CNBC found data that says investors have pulled 61% of the money they had invested in quant funds since 2007 and 1/4 of all quant funds have closed since that year.
They had a segment yesterday with two quants to dissect the data. The conclusion: the industry should be fine. It can ride on its reputation for being smarter than everyone else!
The video kicks off with quant manager of Able Alpha Trading, Irene Aldridge, who brushed the data off – saying the results might really be because people are confused.
Quant funds’ strategies are hard to understand, she says, and the funds usually update them about every 6 months. So maybe skittish, uncertain investors didn’t like the most recent 1/2 year’s strategies.

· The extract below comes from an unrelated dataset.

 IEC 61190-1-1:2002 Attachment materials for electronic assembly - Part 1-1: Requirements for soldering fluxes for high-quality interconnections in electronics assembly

(Another reason for the mass withdrawal might be that quants notoriously missed out on last year’s market rally.)
Then CNBC’s other guest, Maggie Stump of Quantitative Management Associates, points out that the industry will be fine, if only because quants have a reputation for being smarter.

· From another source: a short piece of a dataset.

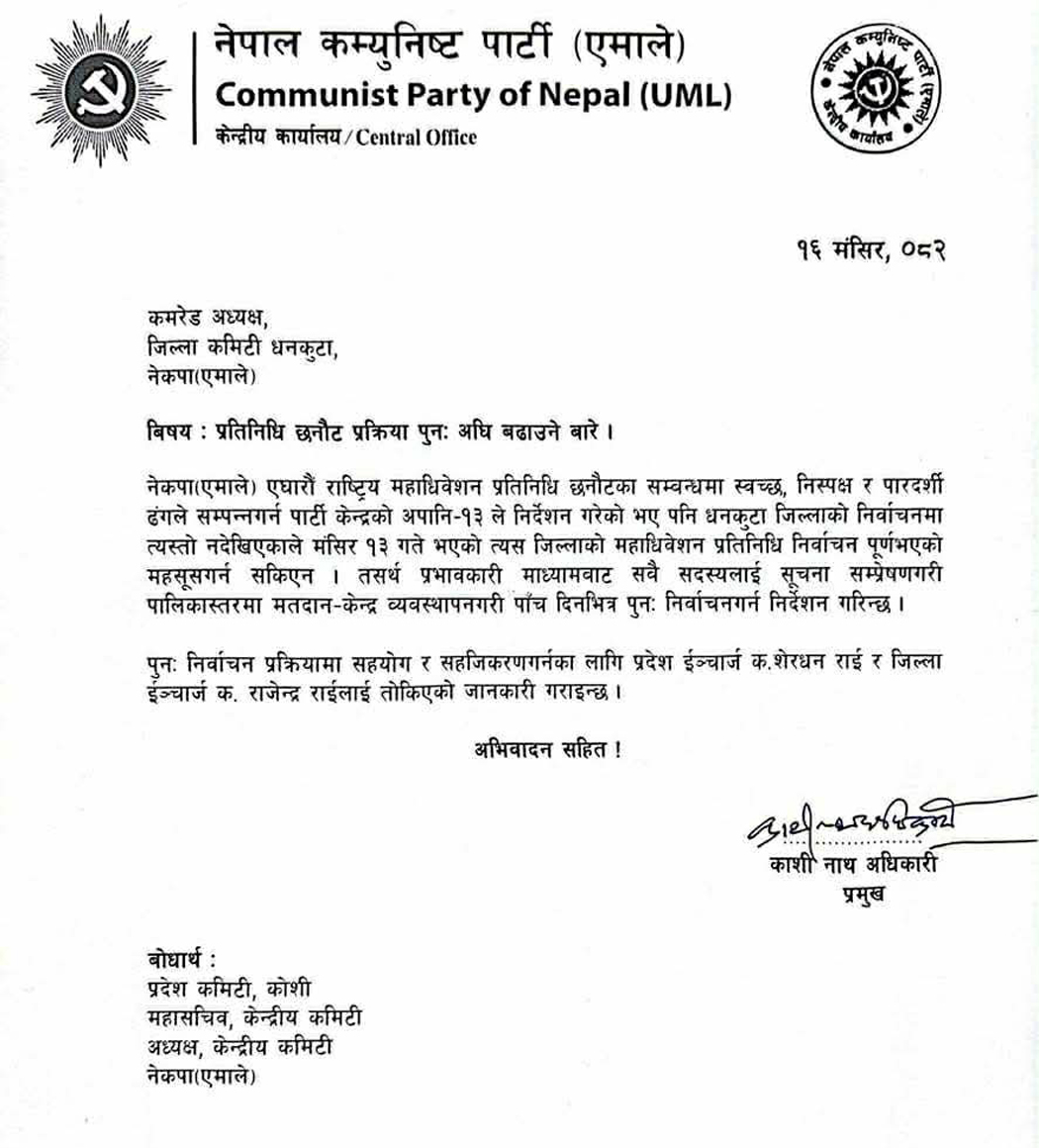 धनकुटा । धनकुटामा एमालेको राष्ट्रिय महाधिवेशनका लागि पुनः प्रतिनिधि छनोट प्रक्रिया अघि बढाउन केन्द्रीय कार्यालयले पत्राचार गरेको छ । मंगलबार एमाले धनकुटा जिल्ला कमिटीलाई पत्राचार गर्दै केन्द्रीय कार्यालयले पाँच दिनभित्र प्रतिनिधि छनोट गर्न निर्देशन दिएको छ ।

What you do when you invest with a quant fund is invest with a bunch of smart folks.
It’s crude, but it sounds reasonable enough. She thinks funds’ re-tooling their strategies have little to do with the withdrawals and that the withdrawals just mean we’ll see a leaner, better quant market.
Aldridge would seem to agree, because she backs up that argument with some data.
If we look at actual statistics of how quant funds have done in 2010 YTD, many have out-performed non-quant funds.
Aldridge thinks quant funds will rage back into favour once people take a look at the performance.